The Positive Effects of Negative Keywords

By Solid Cactus on Mon (6/16/08) in Featured Stories, Marketing | 0 Comments

Anyone who has set up a pay-per-click (PPC) advertising campaign knows the work and care required to target the right set of keywords for your site. However, the irrelevant traffic you worked so hard to avoid is still sneaking in to your account. It’s time to learn about the positive benefits that negative keywords can have on your PPC.

A Keyword Primer

First, let’s have a short lesson on regular keywords. When you bid on a keyword, you have to choose a match type. Match types determine the variety of traffic that your keywords can trigger. Three common varieties of Google Adwords include broad, phrase and exact match types. Broad match keywords bring in the greatest variety of traffic, while phrase and exact are more restrictive. The broad match of “cufflinks” can bring in traffic from users who search all of these phrases: “cufflinks”, “solid gold cuff link”, “kuff link”, and “win free cufflinks”. Broad match is the fastest way to capture a wide selection of relevant traffic, which makes it an important part of your PPC campaigns. However, broad match can also attract a lot of keywords in which you aren’t interested. This is where negative keywords work their magic.

Negative Positives

If you sell cufflinks but you don’t actually have a solid gold pair for sale, then “solid gold” would be a great negative keyword. Additionally, if you aren’t planning on giving them out for free, then “free” is another negative you should add to your account. You can add your negatives directly into individual ad groups, or they can be placed at the campaign level if the negatives are applicable to multiple categories.

Identifying Negatives

Now you can block unwanted traffic, but how do you actually find that traffic in the first place? If you’re not using negative keywords, you can almost guarantee that some of the PPC traffic currently coming to your site is unwanted. There are three great places you can go to start your negative keyword hunt. The first is in your initial keyword research. When you plug your core keywords into a keyword research tool, there are terms you choose not to use. Go back to that tool and take a look at the keywords you didn’t add to your campaigns. Was it because the volume or the cost per click was too high? Or did you pass those keywords by because they had nothing to do with your business? Add those irrelevant keywords to your negative keyword list!

Do Your Homework

The Search Query Report from Google Adwords allows you to see the actual search queries that are triggering your ads. Many of the search queries are the actual keywords on which you are bidding. Keep digging and you’ll start seeing variations that you aren’t bidding on, and this is where it gets interesting. Let’s run a search query report for the cufflinks ad group we were working with earlier. We found some individual styles that you don’t carry: “dragon cufflinks” “copper cufflinks” and “plastic cufflinks”. None of these keywords had a large volume. In fact, blocking them only saved you around $1. But running Search Query Reports and blocking lower traffic keywords can turn into big savings in the long run.

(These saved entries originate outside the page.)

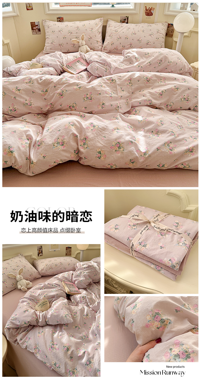 当前位置: 91家纺网 > 商品网购 > 床品套件 > 四件套 > 双层纱四件套 > 罗亿家纺 2025新款云感提花双层纱裸睡四件套 奶油味的暗恋
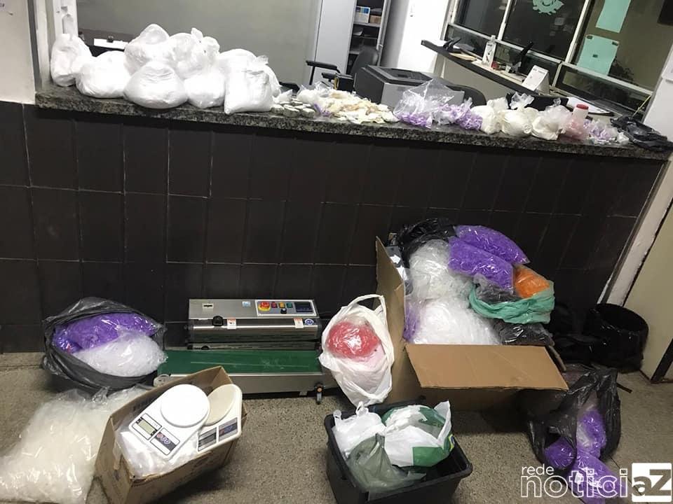 Em vistoria mais aprofundada no interior do imóvel foi localizado também 6846 Kg de substância aparentando ser cocaína, 0,481 gramas em eppendorf aparentando ser crack, 0,585 gramas em eppendorf aparentando ser cocaína, 0,232 gramas de maconha e aproximadamente 39 mil eppendorfs vazios.
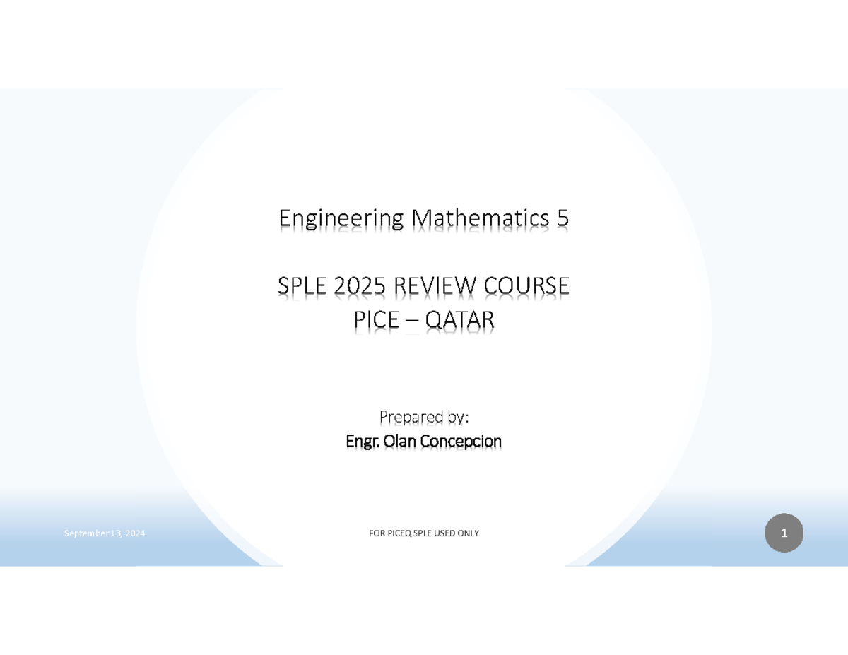 SPLE 2025 Engineering Mathematics 5 Review Course Notes - Studocu
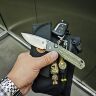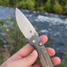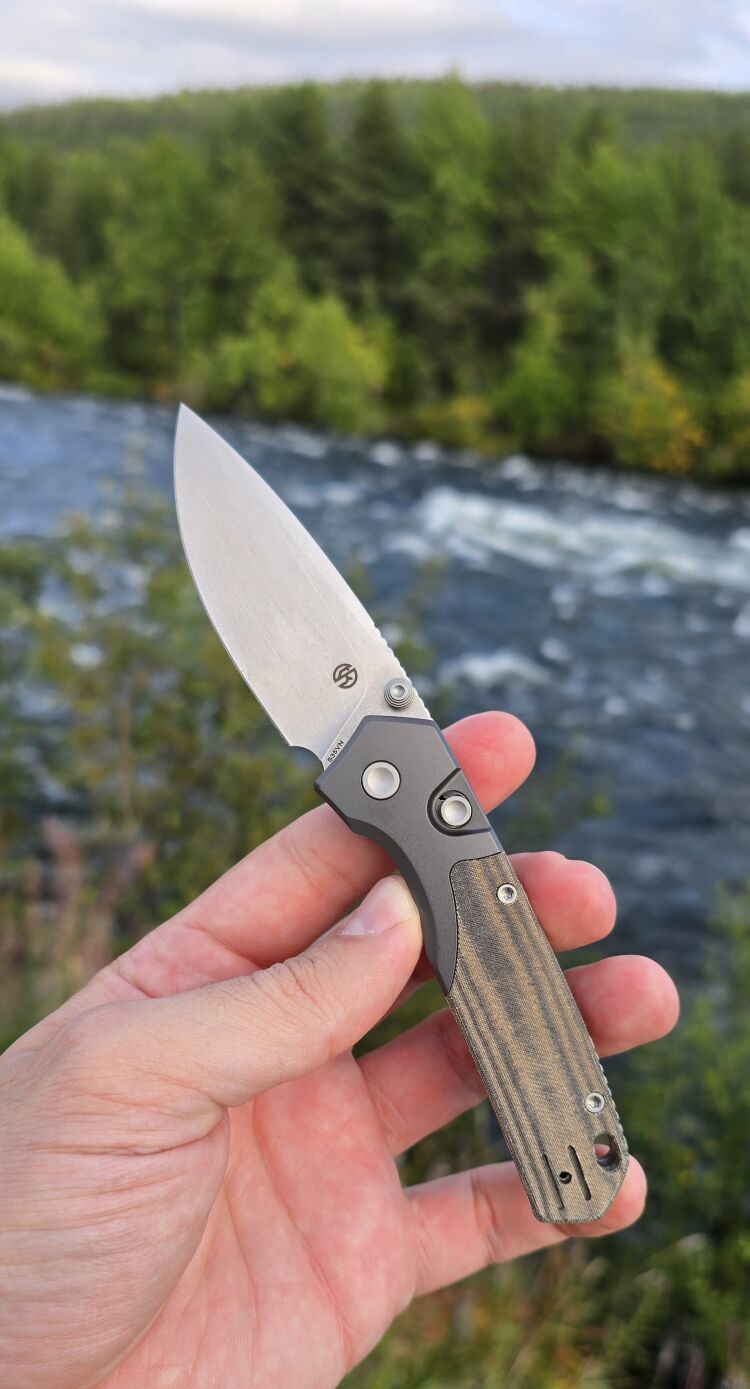 Клинок выполнен в практичной форме Drop-point, что обеспечивает отличную режущую способность, контроль реза и универсальность в работе. В его основе — премиальная порошковая сталь CPM S35VN, обладающая высокой износостойкостью, режущими свойствами и коррозионной стойкостью. Обработка клинка методом stonewash одновременно придаёт ему современный внешний вид и позволяет эффективно скрывать следы эксплуатации. Одной из ключевых особенностей является механизм открытия через шпенек, который обеспечивает быстрое, удобное и интуитивное извлечение клинка одной рукой. За надежную фиксацию отвечает современный Top liner-lock — безопасный и долговечный замок с плавной работой благодаря керамическим подшипникам в осевом узле.
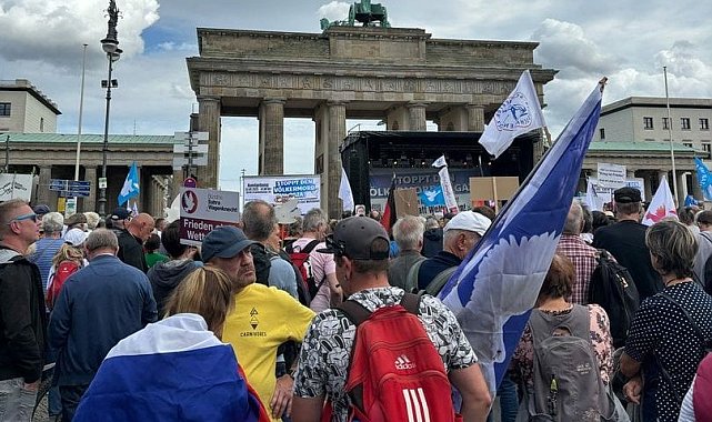 Berlin polisinin açıklamasına göre gösteriye yaklaşık 12 bin kişi katıldı. Organizasyon yetkilileri ise bu sayının 20 bine yaklaştığını belirtti. Göstericiler, barış sembolleri, beyaz güvercinli bayraklar ve “Free Palestine” (Filistin’e özgürlük) yazılı pankartlar taşıdı. Pankartlarda, savaşlara karşı müzakere ve diplomasi çağrısı yapıldı.
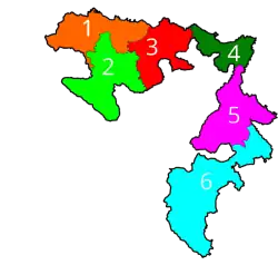 Previously there were six constituencies. In 2014, three of the most populous units were split and the remaining units were renumbered:
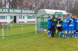 O godzinie 10 30 na Stadionie Miejskim w Barwicach swój mecz rozpoczęli podopieczni Łukasza Zbroszczyka. Juniorz młodsi na własnym boisku podejmowali lidera - AP Szczecinek. Mecz od początku był w miarę wyrównany, choć składniejsze akcje przeprowadzali goście, to jednak nasi zawodnicy jako pierwsi zdobyli bramkę. Niestety sędzia dopatrzył się spalonego. Ale co się odwlecze ... Chwilę później zawodnicy Błoni po strzale kapitana Darka Bernaciaka wychodzą na prowadzenie. Takim wynikiem kończy się pierwsza połowa. Niestety w drugiej połowie nasz zawodnik Michał Adamski został brutalnie sfaulowany i ze złamaną nogą odwieziony na Izbę Przyjęć do Szczecinka. Na boisku jedna z akcji gości - Julek chcąc wypiąstkować piłkę mija się z nią i ta wpadła na nogi Jakuba Gołuckiego, który niefortunnie skierował ją do swojeje bramki. Zawodnicy podbudowani takim obrotem sprawy zwietrzyli szansę na trzy punkty i wykorzystali to bezlitosnie w krótkim czasie strzelając 4 bramki. Mecz zakończył się wynikiem 5:1 dla AP Szczecinek.
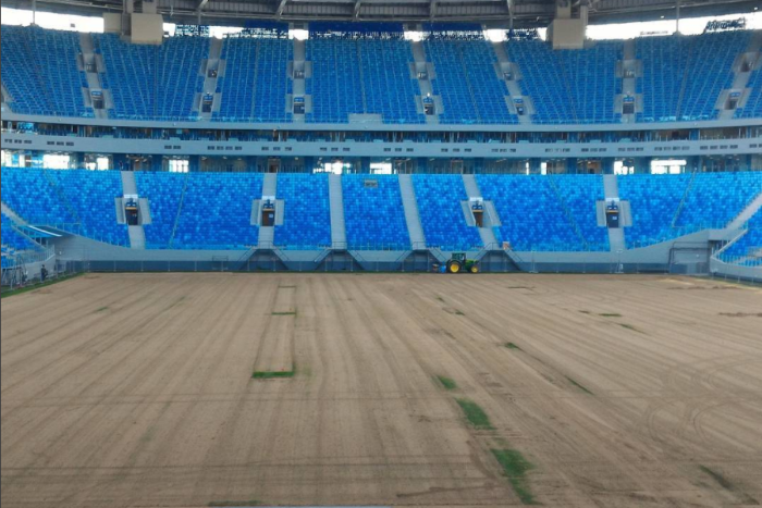 Накануне на «Санкт-Петербург Арене» полностью срезали газон. К началу матчей Кубка Конфедераций на стадионе уложат рулонный газон.
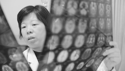 图为2013年12月24日在白求恩国际和平医院,张笋在观察患者脑部CT影像。新华社记者 王 民摄

The final tool for researching negative keywords is your own analytics program. Google Analytics allows you to view the keywords driving traffic to your site. You can parse them out by paid (PPC) and non-paid (organic) keywords. Then you can analyze stats that include pages per visit and bounce rate. Not only is analytics a great tool for finding negative keywords, it provides additional insight into how all your keywords are performing.

Update, Update, Update

Like the rest of your keywords, negatives should be periodically reviewed. If you add new inventory to your store, be sure negatives aren’t blocking newly relevant traffic. As your business grows, you may find that you don’t need to be as restrictive with some categories as you once were. Negatives are a critical part in the success of your paid campaigns. Isn’t it time you started feeling the positive effects of negatives on your PPC?